Jon Lester became a talking point during last year’s postseason for all the wrong reasons. For all the good things Lester can do on a pitcher’s mound, he has this one glaring weakness, and last October, that glaring weakness was exposed on a national stage. In the American League Wild Card game, the Royals ran all over Lester, taking full advantage of his inability to make pickoff throws to first base. The Royals stole five bases on Lester and a record seven in the game, and the stolen bases, of course, played a huge role in the team’s comeback victory

Plenty of time was spent in the offseason discussing Lester’s weakness and whether it would be exploited in the upcoming season. Curiously, runners hadn’t taken advantage of Lester before the Royals game the way one might expect, but with the weakness exposed on such a large scale, it seemed inevitable that things would change in the future. And they did. This year, in Chicago, Lester allowed a league-high 44 steals. He had the second-highest rate of steals attempted. He allowed the fifth-highest pitcher-isolated success rate. This season, Lester was exploited in the way we’d all imagined.

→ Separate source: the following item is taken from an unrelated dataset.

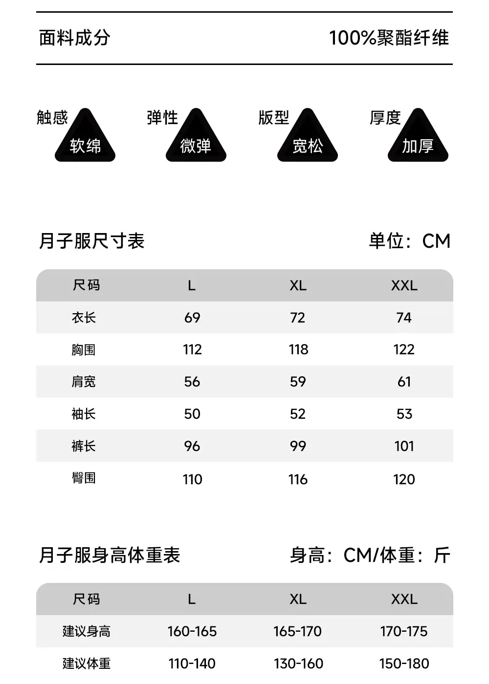 L size (110-140 pounds), XL (130-160 catties), XXL (150-180 catties)

Though it didn’t receive anywhere near the same level of attention, the same thing happened to Hank Conger.

A brief aside: I just want to admit that it feels kind of dirty to keep bringing up Lester’s problem with the run game, because despite that very real shortcoming, Lester still does plenty of things well and his weakness doesn’t prevent him from being a valuable player. Before we dive into Conger’s weakness, it’s worth pointing out that he does plenty of things well, too. It’s also worth pointing out why we’re talking about Conger in the first place. If you missed it, Conger was a non-tender candidate in Houston, and late Wednesday night, he was traded to the Tampa Bay Rays for cold hard cash.

Now, for what Tampa Bay’s new catcher does well. Firstly: the robot. He does that very well. Also: pitch framing. Conger’s been one of the game’s best pitch framers, and that’s probably the most important skill for a catcher to have! He wasn’t quite elite last year, with BaseballProspectus’ framing metric grading him at roughly +4 runs, but the year before that he led all catchers with +25 framing runs. Lastly: Conger can hit a little. He’s a switch-hitter, which is a rare luxury in a catcher, and over the last three years he’s been about a league-average hitter, running a 96 wRC+. That’s not great, but for a catcher, it’s just fine. That’s the same as Salvador Perez, Matt Wieters and Jason Castro.

Considering the robot, the framing, and the bat, you could do a lot worse in a backup catcher. But there’s this part of Conger’s game where you can’t do a lot worse. You can’t do any worse, in fact, because in this one area of catching — a pretty major area — Hank Conger just had the worst season in recorded history.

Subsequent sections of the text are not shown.